## What the task asks
Leave the pictures out. Retype exactly the lines below from the one containing "选择我们连接的板子的端口,不知道的在设备管理器中查看。这里我的是COM4" through the one containing "В специальном мешочке", and no others.

====== Exercise inputs

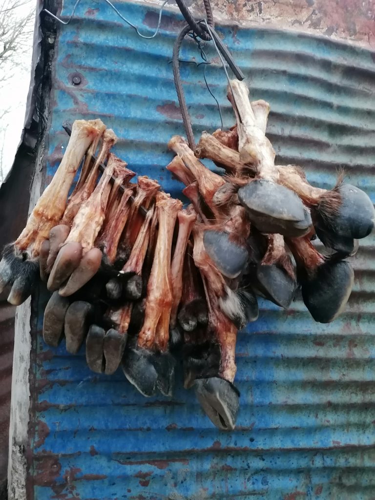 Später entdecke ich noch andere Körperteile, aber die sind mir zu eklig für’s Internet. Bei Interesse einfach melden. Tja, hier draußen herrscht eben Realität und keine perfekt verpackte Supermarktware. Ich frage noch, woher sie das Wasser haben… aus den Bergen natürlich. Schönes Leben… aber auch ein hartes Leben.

============
====== Exercise inputs

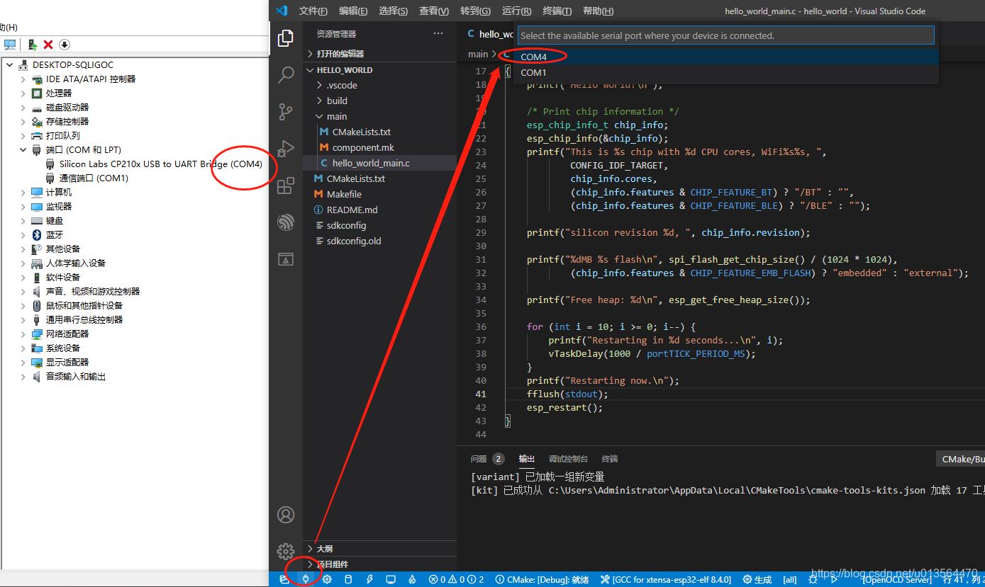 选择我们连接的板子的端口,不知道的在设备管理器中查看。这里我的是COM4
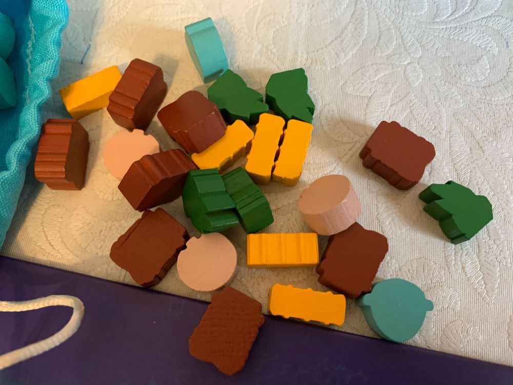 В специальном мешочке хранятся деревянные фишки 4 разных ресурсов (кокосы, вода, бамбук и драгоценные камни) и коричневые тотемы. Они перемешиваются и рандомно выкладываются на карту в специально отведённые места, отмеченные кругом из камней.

============
====== Exercise inputs

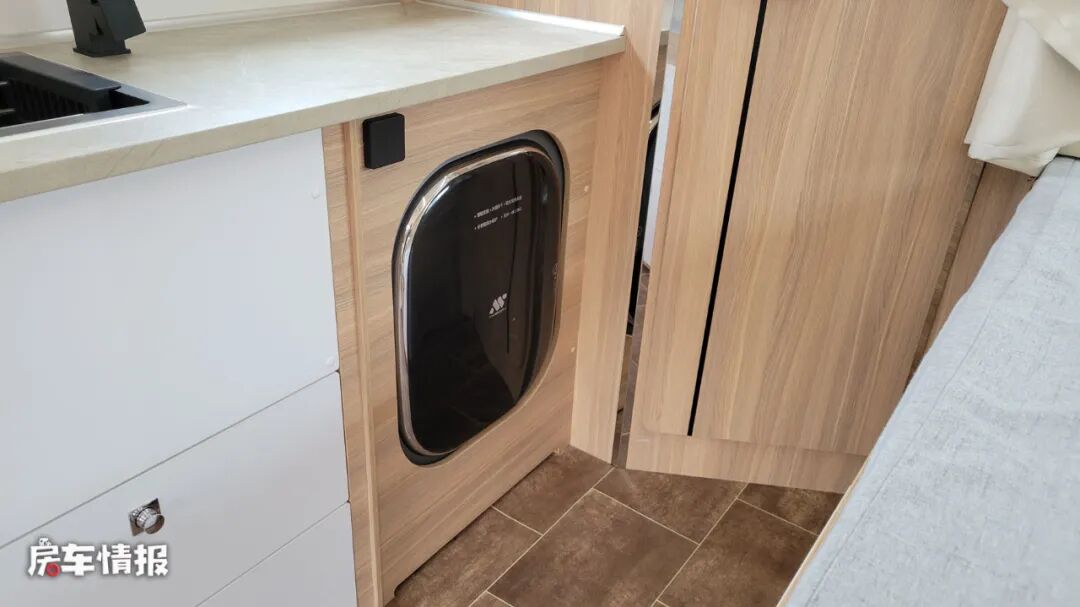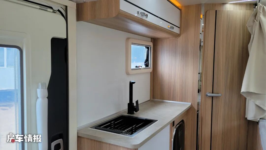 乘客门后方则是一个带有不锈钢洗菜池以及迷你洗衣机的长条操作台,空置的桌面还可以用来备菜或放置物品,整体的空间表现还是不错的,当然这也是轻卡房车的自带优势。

============

## Result
 选择我们连接的板子的端口,不知道的在设备管理器中查看。这里我的是COM4
 В специальном мешочке хранятся деревянные фишки 4 разных ресурсов (кокосы, вода, бамбук и драгоценные камни) и коричневые тотемы. Они перемешиваются и рандомно выкладываются на карту в специально отведённые места, отмеченные кругом из камней.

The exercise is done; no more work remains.